INFORMATION SUPPLIED »
....................

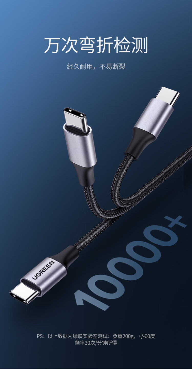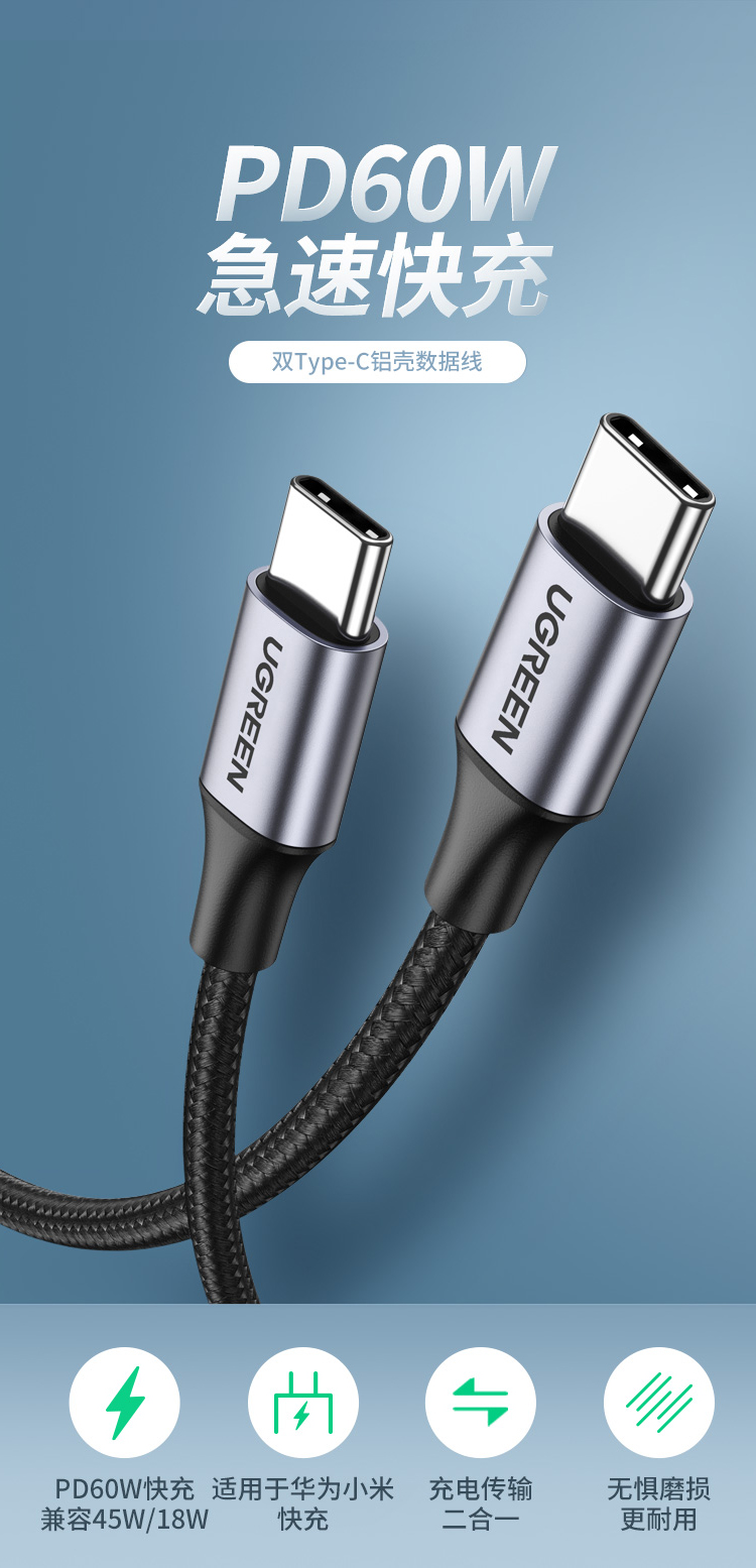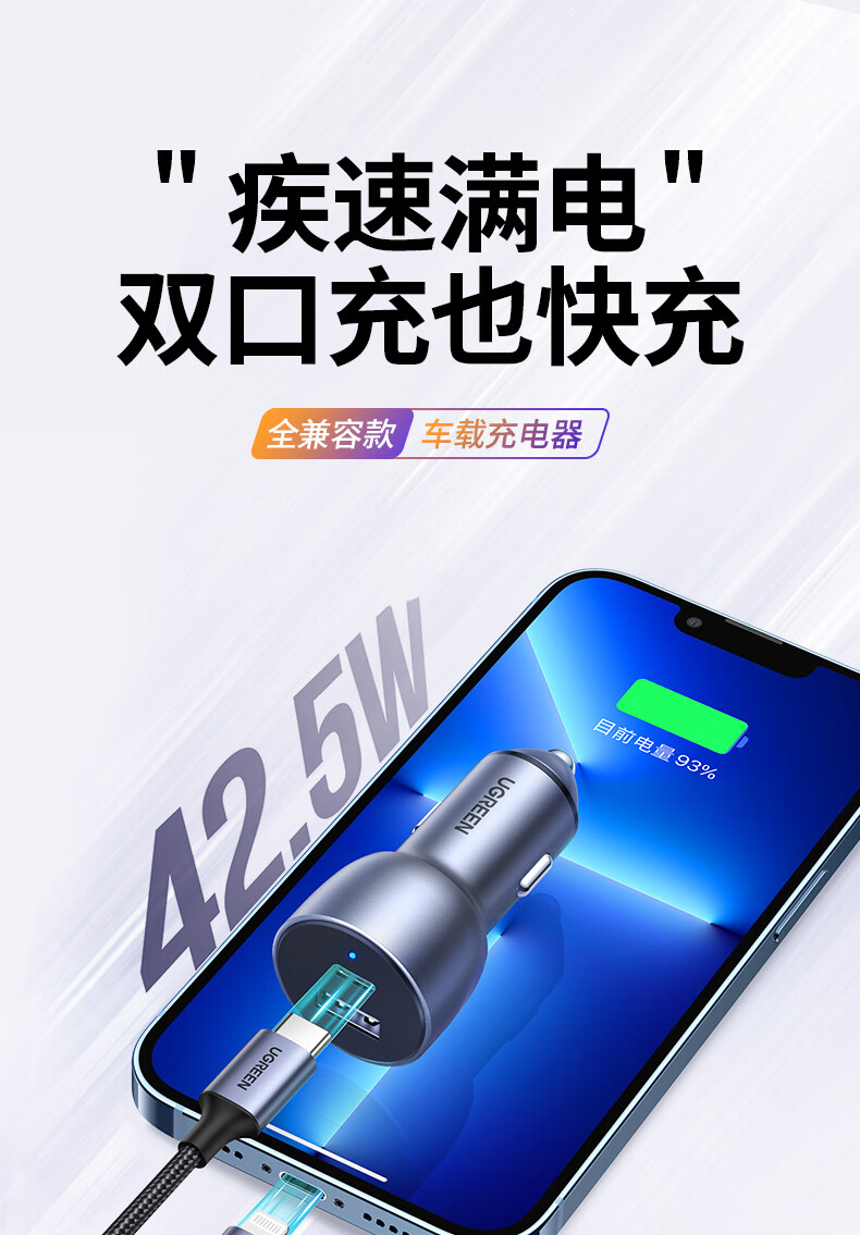 绿联 车载充电套装 内含 双口车载充电器+PD60W双Type-C编织线1米 自营
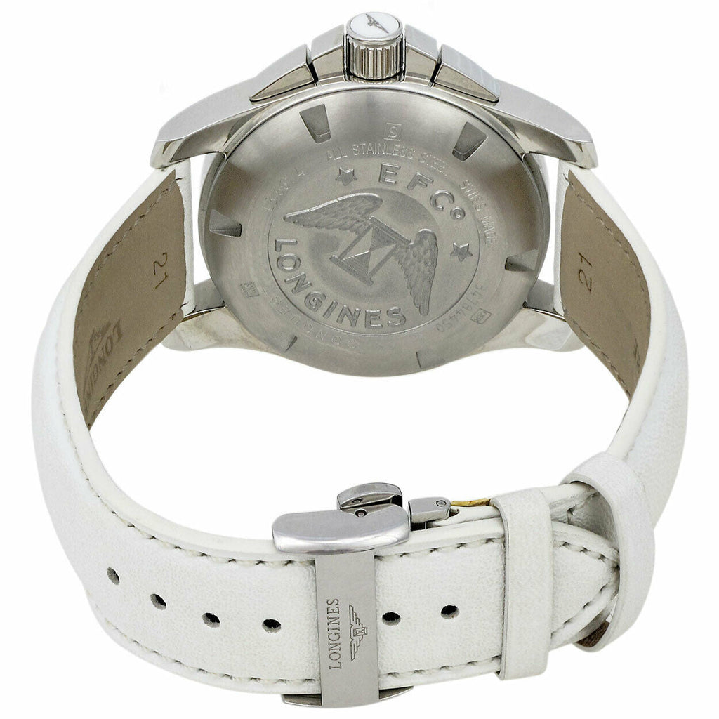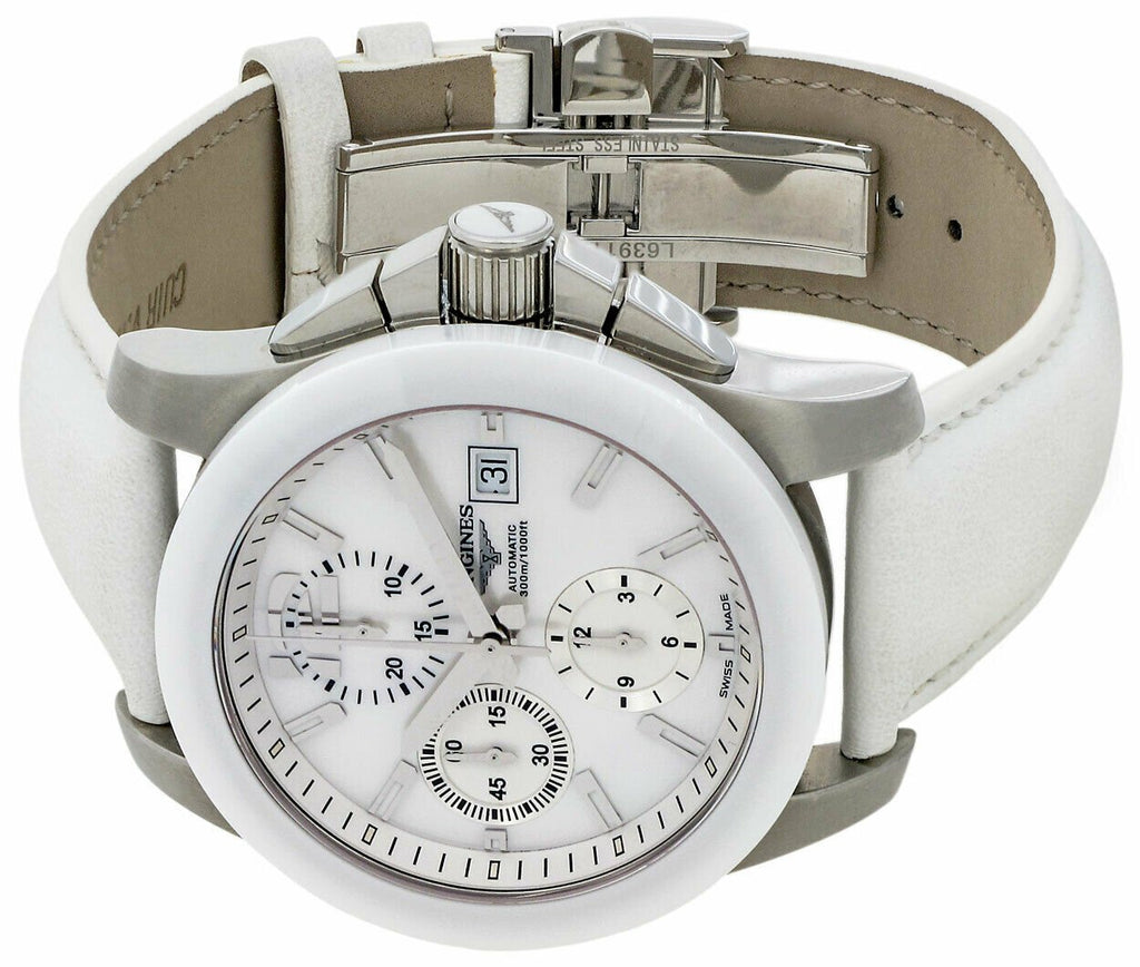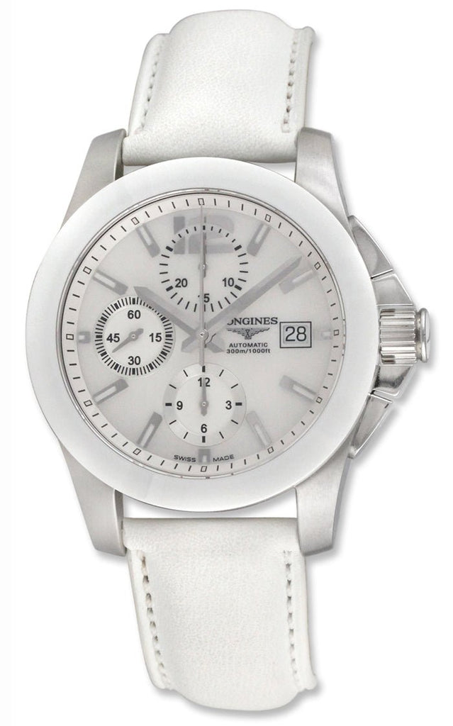 This Longines Conquest Automatic Chronograph Stainless Steel & Ceramic Mens Watch Model# L3.661.4.86.0 / L3.661.4.86.2 / L36614862 will make a perfect gift or a great addition to your collection. This Swiss watch features a Stainless Steel Case, White Ceramic Bezel & Crown, White Genuine Leather Strap, White Mother-of-Pearl dial set with a big superluminova luminescent 12 and 8 Index superluminova luminescent indices, Polished rhodium-plated hands with superluminova coating, Chronograph Functions, Date Display at the 3 o'clock position, Second Sub-dial at the 9 o'clock position, Anti-Reflective Scratch-resistant sapphire crystal, Swiss Automatic Chronograph Movement, Water-resistant to 300 meters/1000 feet. Two Year Limited Warranty.As all of our watches, this Longines Conquest Gents watch is BRAND NEW & comes with the original box, papers & warranty card.
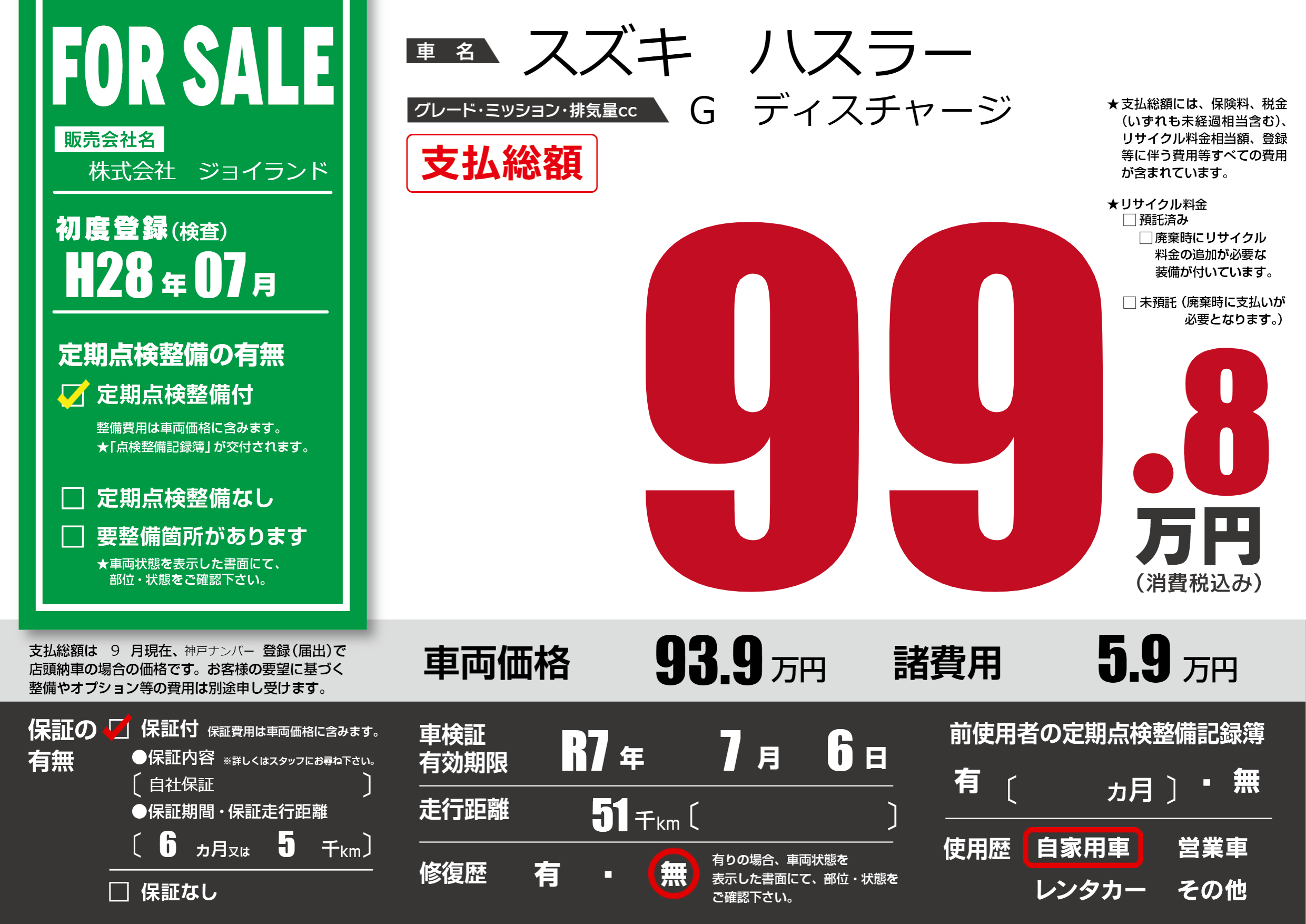 保証付き 保証内容(自社保証) 6ヶ月または5千km |
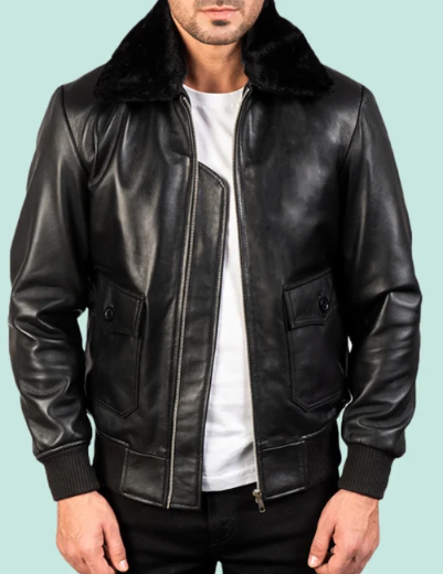 Airin G-1 Black Leather Bomber Jacket leathericonic.com

....................

EXERCISE DETAILS » In your transcription of the listing above, match each line exactly and include no pictures.

ANSWER SECTION »
 绿联 车载充电套装 内含 双口车载充电器+PD60W双Type-C编织线1米 自营
 This Longines Conquest Automatic Chronograph Stainless Steel & Ceramic Mens Watch Model# L3.661.4.86.0 / L3.661.4.86.2 / L36614862 will make a perfect gift or a great addition to your collection. This Swiss watch features a Stainless Steel Case, White Ceramic Bezel & Crown, White Genuine Leather Strap, White Mother-of-Pearl dial set with a big superluminova luminescent 12 and 8 Index superluminova luminescent indices, Polished rhodium-plated hands with superluminova coating, Chronograph Functions, Date Display at the 3 o'clock position, Second Sub-dial at the 9 o'clock position, Anti-Reflective Scratch-resistant sapphire crystal, Swiss Automatic Chronograph Movement, Water-resistant to 300 meters/1000 feet. Two Year Limited Warranty.As all of our watches, this Longines Conquest Gents watch is BRAND NEW & comes with the original box, papers & warranty card.
 保証付き 保証内容(自社保証) 6ヶ月または5千km |
 Airin G-1 Black Leather Bomber Jacket leathericonic.com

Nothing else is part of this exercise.